Boards have traditionally protected themselves by having the contractor agree in writing to “indemnify and hold harmless” the co-op or condo association and its management, and to list them as an “additional insured.” “So if there’s proper insurance and proper indemnifications from the contractor to hold the (association and management) harmless,” Kirschenbaum says, “then the burden shifts to the contractor’s insurance.” Without those safeguards, the contractor’s insurance policy will defend the contractor but not the building owner.

Keeping Track
To ensure that their co-op and condo clients are not exposed to unnecessary risk, some property managers turn to a third-party compliance firm. Such specialists vet contractors and their insurance policies and provide an independent analysis so boards can make informed decisions.

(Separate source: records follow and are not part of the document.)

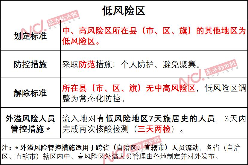 方案明确,中高风险区所在的县(市、区、旗)的其他地区划定为低风险区。低风险区采取“个人防护、避免聚集”的防范措施。低风险区域人员离开所在的地区或城市,应持48小时核酸检测阴性证明。
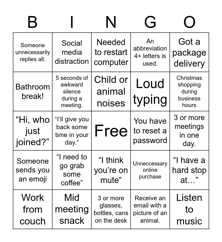 This bingo card has 40 words: “Can you hear me?”, “Hi, who just joined?”, A power point is used., 5 seconds of awkward silence during a meeting., Mid meeting snack, “I think you’re on mute”, Child or animal noises, You receive an out of office reply., Got a package delivery, Someone sends you an emoji, “I’ll give you back some time in your day.”, An abbreviation 4+ letters is used., Free, 3 or more meetings in one day., You have to reset a password, “I need to go grab some coffee”, Someone screen shares, Someone unnecessarily replies all., Only one person has their camera on., Needed to restart computer, “I have a hard stop at…”, Receive an email with a picture of an animal., Loud typing, Bathroom break!, You get an Urgent email., Internet kicks you off., Laundry break, Small talk waiting for all attendees., Listen to music, Head hunter message/email, Work from bed., Work from couch, Got dressed for the day, Unneccessary online purchase, Christmas shopping during business hours, 3 or more glasses, bottles, cans on the desk, Actually brushed your hair., Same shirt as yesterday, Social media distraction and Involved in confusing email thread.
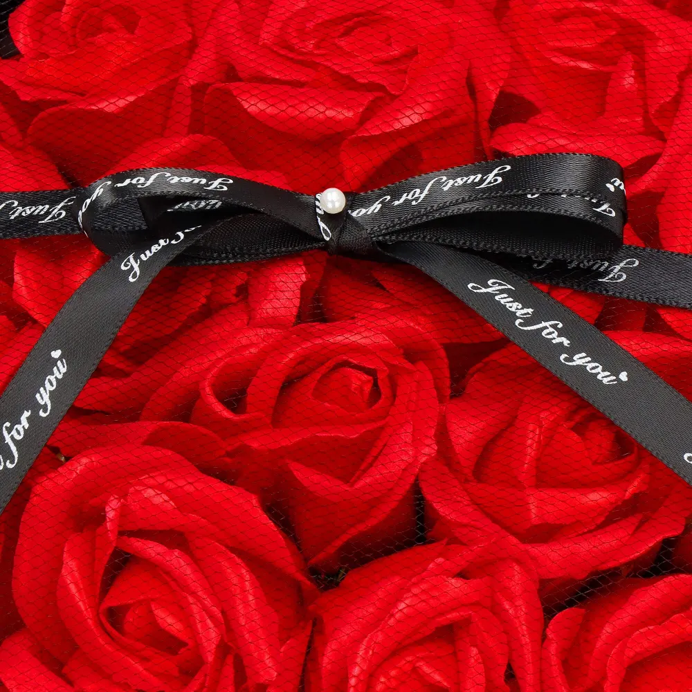 Mydlové kvety SPRINGOS FLORHEART červené predstavujú dokonalú kombináciu elegancie, vône a trvanlivosti. Táto mydlová kytica očarí každého svojim luxusným vzhľadom a precíznym spracovaním. Krásne mydlové ruže sú starostlivo usporiadané, zabalené do čierneho papiera a tylu a doplnené červenou stuhou , ktorá dodáva celému aranžmánu nádych romantiky. Vďaka svojmu prepracovanému dizajnu sa kytica stáva štýlovým darčekom, ktorý poteší pri zásnubách, narodeninách, Dni matiek, výročí aj iných slávnostných chvíľach .
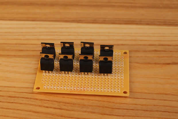 Espacio de los MOSFETs uniformemente en el circuito todos la misma dirección.
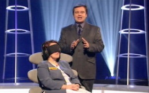 There was an amusing gaffe Eamonn made once when the blindfold bit was going on: "It is on with the blindfolds, it is on with the headphones... as we cut them off from the balls!"
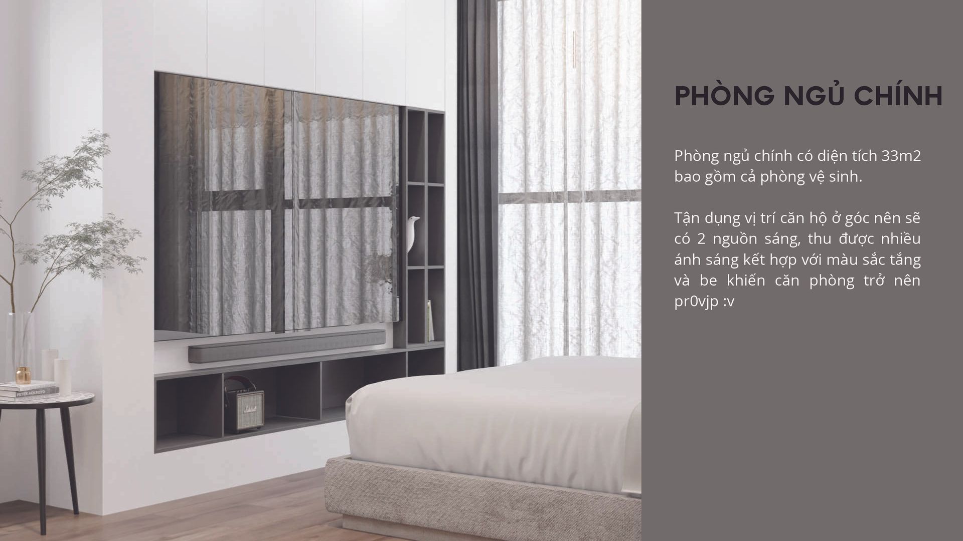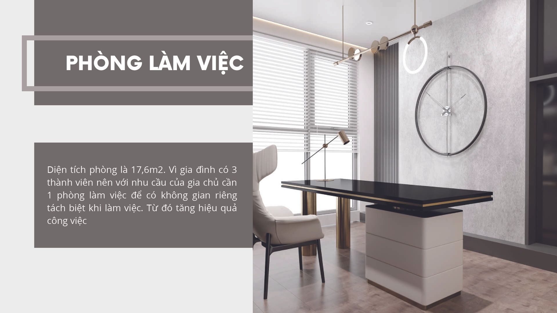- Căn hộ thuộc khu đô thị mới Himlam Greenpark thành phố Bắc Ninh với tổng diện tích 112m2, không gian sinh hoạt chung gồm phòng khách, phòng bếp và 1 phòng vệ sinh chung. 2 phòng ngủ trong đó phòng ngủ chính có phòng vệ sinh riêng biệt và 1 phòng làm việc. Thiết kế cho gia đình gồm 3 người: 2 vợ chồng trung niên 37 tuổi và một con gái 15 tuổi.
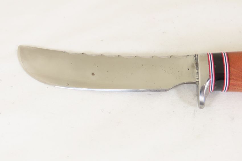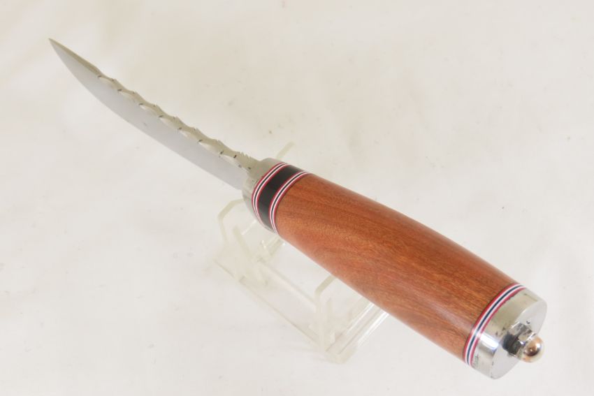 Hand Made Custom Knife by Dr. Robert E Molenaar 5160 steel blade with file work, 416 stainless guard & butt, fiber & plexiglass Spacers, stabilized ash handle, blade measures 4.5 inches, 9 inches overall. Signed R.E.M. Please ask questions & read terms and conditions before bidding.
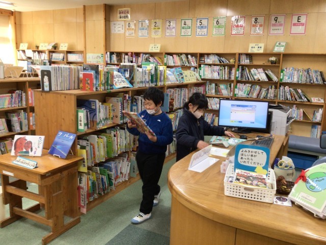 朝の図書室の様子です。本を返しにきた1年生が、「今日は2年生に紙芝居を見せるんだ...

“It’s a matter of efficiency,” says Joseph Bushey, the president of Vendor Information Verification Experts (VIVE). “In a lot of cases, we are not only looking at the underlying general-liability policy but also the overlying umbrella policy. They could be in excess of 300 pages each.”

VIVE’s services include conducting inquiries into insurance-policy exclusions, preparing RFPs, tracking documentation and rating vendors. “We’re here to help implement the risk-transfer process,” Bushey says. “There’s never a way to get out of risk, but we want to try and get competency up to a higher level.”

Keeping track of every policy for every contractor and subcontractor on a major capital project – including the critical detail of policies’ expiration dates – can be a major headache for property managers. To alleviate the pain, Schiciano’s brokerage has developed proprietary software called Risk Reduction Services. By keeping track and making sure that all policies are up to date, the system reduces the risk that boards will get blindsided.

When it comes to contractors’ insurance policies, size sometimes matters. “Most large contractors have become accustomed to providing their policies,” says Kirschenbaum of FirstService. Mom-and-pop contractors without a back office, on the other hand, can present problems. “Sometimes we end up having to go back to the contractor and say, ‘Y’know, we’re not getting the policy,’” Kirschenbaum says. “It becomes laborious – and it can take weeks of going back and forth.”

Sullivan, the attorney and condo board president, says there’s at least a partial solution for smaller contractors doing routine maintenance. In addition to getting the certificate of insurance, he advises, “you have a written blanket indemnity that says, ‘From time to time, Joe Smith is going to come on our property to do work. He agrees to defend and indemnify us, and we’re an additional insured.’ You do it for all the smaller jobs, the handyman jobs.” The form, he says, is “a template that’s been reviewed by our lawyer, and it’s filled out every year and attached to every job we have done on the property.”

Today’s hard insurance market has put an added burden on co-op and condo boards. In addition to parsing insurance policies – exclusions, expiration dates, coverage limits and so forth – they need to take proactive steps, such as being diligent about routine maintenance, that can keep insurance costs down. “More and more, the insurance carriers who (underwrite) our co-ops and condominiums have become unwilling to insure buildings’ habitational risks unless the buildings and their managing agents do a better job of what’s called risk management,” Kirschenbaum says. “There’s no perfect world, but the goal is to minimize the likelihood that the building’s insurance is going to have to respond to a claim.”